Almost 20 organizations, including the AFL-CIO and nonprofit consumer advocacy group Public Citizen, have filed a rulemaking petition with SEC “to revise Rule 10b-18 to curb manipulative practices by firms and encourage corporations to fairly compensate American workers.” In essence, the petition seeks to repeal Rule 10b-18 and requests that the SEC “undertake a rulemaking to develop a more comprehensive framework for regulating stock repurchase programs that would deter manipulation and protect American workers.” In light of the almost—dare I say it—“bipartisan” interest in reviewing the practice of stock buybacks, will the SEC decide that it’s worth taking a look?

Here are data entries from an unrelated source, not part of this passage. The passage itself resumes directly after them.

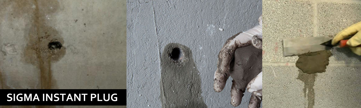 SIGMA INSTANT PLUG is a fast sealing cement based product formulated with selected additives. It sets very fast within a few minutes. It isused in a situation where very quick setting is required. It is effectively used for stopping the flow of running water. It is an ideal material to stop leakages prior to the application of waterproof renderings in basements.
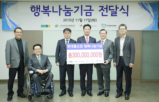 현대홈쇼핑이 17일 서울 여의도 장애인단체총연맹 대회의실에서 보험 방송을 통해 모금한 '행복나눔기금' 3억원을 장애인재활협회, 혈액암협회, 장애인단체총연맹에 전달했다.
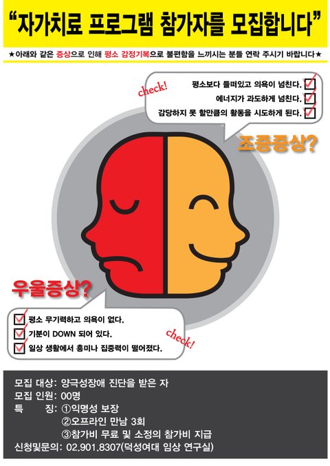 저희는 양극성장애 진단을 받으셨거나 평소 기분이 시시때때로 변하고, 정서 조절이 어려운 분, 우울한 상태와 에너지가 넘치는 상태가 반복되는 분을 대상으로 스스로 기분 조절을 하는 자가치료 프로그램을 시행 중입니다.
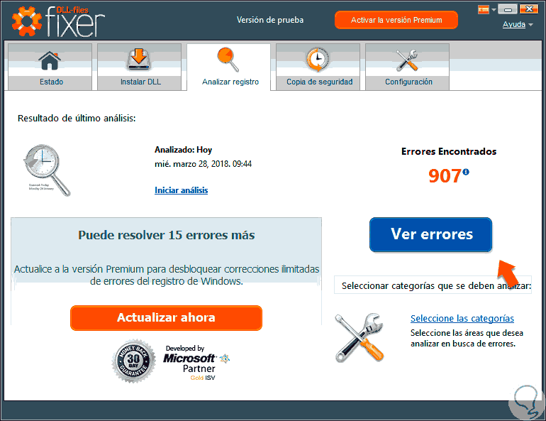 En la pestaña “Analizar Registro” DLL-files fixer también nos da la opción de encontrar errores de registro que no pudieron ser detectados por otros programas dando clic en la pestaña “Ver errores”.
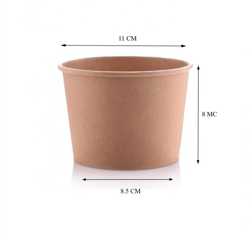 زبدية ورق بني كرافت دائرية بالغطاء لحفظ وتعبئة الطعام والمأكولات الطازجة والشوربة بأنواعها , للاستخدام بالمطاعم والمنازل اثناء الخروج في العطلات الأسبوعية واوقات الراحة وأيضا استخدماها في العمل مثل الانش بوكس وقت الغداء

As you know, Rule 10b-18 provides a “safe harbor” from liability for “manipulation” under the Exchange Act where a company conducts a stock repurchase program in conformity with the Rule’s volume, manner, price and timing conditions. As described in the petition, the SEC intended the Rule to be “a scheme of regulation that limits the ability of an issuer *** to control the price of the issuer’s securities.” The petition characterizes the impact of adoption of the Rule in 1982 as giving rise to “a sea change in corporate finance, after which stock repurchases became more common. Prior to its adoption, repurchase programs were relatively rare due to the threat of a manipulation charge; after the Rule took effect, the aggregate value of stock repurchases rose significantly.”

And, after the enactment of the recent Tax Cuts and Jobs Act, the use of buybacks “skyrocketed”: according to the petition, in 2018, “the first full year after the tax cut, repurchases surged 64 percent over the previous year and topped $1 trillion overall. Yet real wages for typical workers remained flat.” Although the tax bill “provided significant tax benefits to large corporations, such as a lower corporate tax rate and an incentive to repatriate offshore cash,” instead of raising wages, as was widely touted by those promoting the bill, companies “raced to repurchase their own stock[, leading] to a 64 percent increase in stock repurchases while real wages for workers remained flat. Indeed, analysts estimate that in 2018 corporations used nearly 60 percent of their corporate tax cut to repurchase stock. In other words, at a time when wages for average workers have failed to keep up with inflation, corporations have used the corporate tax break to collectively pay $1 trillion to executives, boards of directors, and large share sellers. Instead firms could dedicate this capital to worker wages, training, hiring, and other investments necessary for innovation and growth.”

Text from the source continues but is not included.